Esse é o lado auspicioso. Vamos ao lado perigoso. E que tem mais chances de acabar prevalecendo. O desfecho da queda de braço em torno da história das emendas demonstra isso. Na melhor das hipóteses, fará com que Dilma ceda à pressão fisiológica de seus aliados, e o rame-rame da troca do apoio por verbas e cargos continuará na política brasileira. Na pior das hipóteses, esses grupos irão mais e mais trabalhar para desgastar e desestabilizar Dilma. O Brasil tem na sua história dois casos exemplares de governos com minoria congressual. O primeiro Jânio Quadros terminou com a renúncia do presidente. O segundo Fernando Collor com seu impeachment. Ninguém aqui está dizendo que isso vai acontecer com Dilma. Só estamos lembrando o que a história nos conta sobre governos que perderam a sustentação parlamentar.
O problema é que Dilma não combinou previamente com seus aliados que a relação que pretendia era essa. Na hora de fazer o pacto eleitoral, ela não estabeleceu com o PMDB que o trato político ia ignorar o toma-lá-dá-cá, o varejão, que é o oxigênio da existência e do poder do partido. Como já dissemos aqui em outras ocasiões, foi a primeira vez que o PMDB embarcou inteiro num único projeto político. O partido fez um investimento e, dentro da sua lógica, cobra a contrapartida. Uma contrapartida que entrou para a lógica nos últimos anos também dos demais parceiros.
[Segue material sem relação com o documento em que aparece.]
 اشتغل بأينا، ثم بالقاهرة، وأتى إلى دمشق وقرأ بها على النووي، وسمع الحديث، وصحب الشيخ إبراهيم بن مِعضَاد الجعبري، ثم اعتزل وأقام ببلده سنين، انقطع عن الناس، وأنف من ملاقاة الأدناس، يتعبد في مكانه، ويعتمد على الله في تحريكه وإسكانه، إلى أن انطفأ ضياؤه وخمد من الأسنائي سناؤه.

Inclusive de boa parte do PT, que agora também vive do que usufrui com os cargos que ocupa e com as verbas que libera.
Assim, se a base não consegue obter essa contrapartida que supõe ter por direito por bem, ela vale-se do seu tamanho e importância para conseguir por força. Assim, se Dilma não queria liberar as emendas, a base rebela-se como fez ontem (29) e até cria mecanismos para forçá-la a fazer o que não quer. O relator da Lei de Diretrizes Orçamentárias (LDO), Márcio Reinaldo de Souza (PP-MG), estabelece, por exemplo, no texto que o governo só poderá contingenciar a liberação das emendas individuais na mesma proporção que contingenciar seus projetos prioritários, como o PAC, por exemplo. Ficando isso na lei, para que o governo construa, digamos, uma usina hidrelétrica que esteja no PAC, vai ter que liberar grana também para centenas de bancos de praça das emendas dos deputados e senadores.
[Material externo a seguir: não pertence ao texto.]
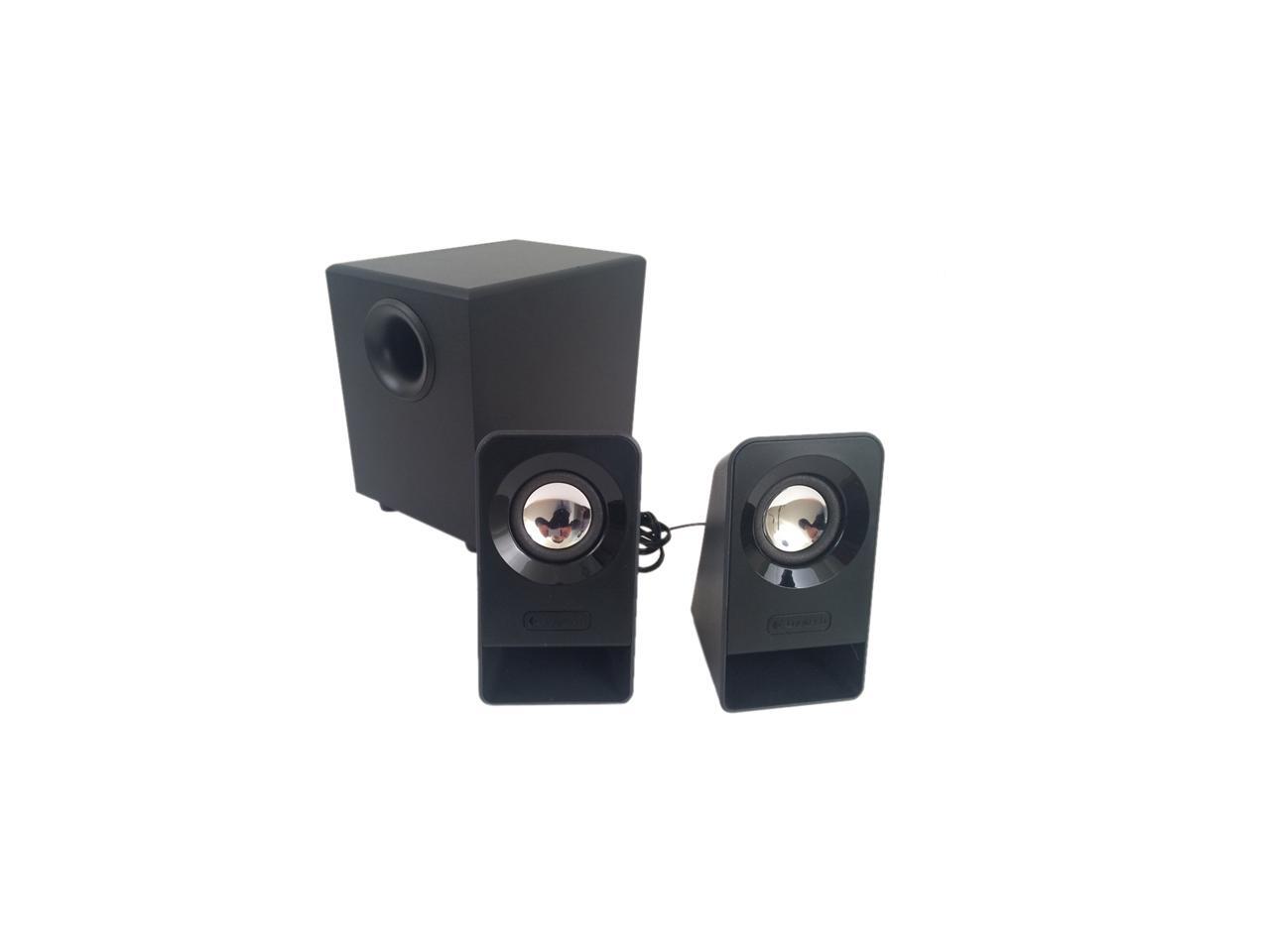 A down-facing subwoofer with a 4.00" driver provides a rich bass experience with these 2.1 speakers.

E pode ficar certo que a maioria dessas emendas trata de bancos de praça e outras coisas menores. Porque isso é da própria lógica da sua existência. Cada parlamentar tem uma cota de verba pública para distribuir no seu estado com emendas individuais. Quanto mais ele conseguir pulverizar essa verba, mais municípios do seu estado ele atenderá. Quando mais emendas ele liberar, em mais municípios ele poderá ir pessoalmente inaugurar obras que dirá que não teriam sido feitas sem a sua participação. É evidente que nessa pulverização o que se poderá fazer em cada caso serão obras de valor menor.
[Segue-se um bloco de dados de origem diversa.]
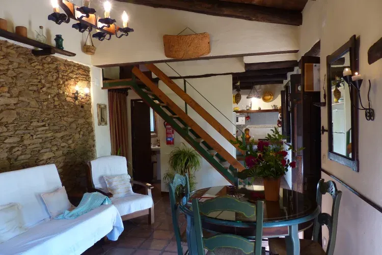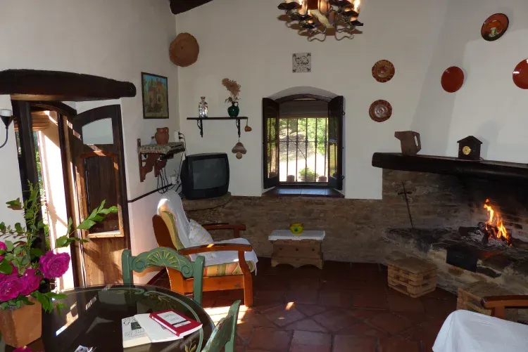 En esta casa se ha acondicionado una coqueta cocina, que está totalmente equipada (microondas, cafetera, tostador, cubiertos, etc.), un salón comedor con chimenea de piedra, TV DVD, ect y un dormitorio en el ático de la casa con capacidad para dos - tres personas (cama de matrimonio y cama individual). El sofá del salón se transforma también en una cómoda cama de matrimonio. El cuarto de baño (con ducha) tiene vistas al campo, al igual que el resto de la casa.

É papel de um governo federal liberar dinheiro para banco de praça? Não seria melhor se os parlamentares de cada região se reunissem, traçassem juntos planos de desenvolvimento, identificassem as carências e orientassem os recursos para resolver essas carências? Com o estado desenvolvido a partir daí, não faltaria dinheiro para construir bancos de praça. Mas qual parlamentar vai querer fazer essa mudança se é mantendo essa relação de dependência com o poder público e com a necessidade de liberação das verbinhas que ele vem há anos e anos ganhando eleições e mantendo seus esquemas de poder?
Dilma está mexendo num vespeiro. Ontem (29), ela já não conseguiu escapar das picadas.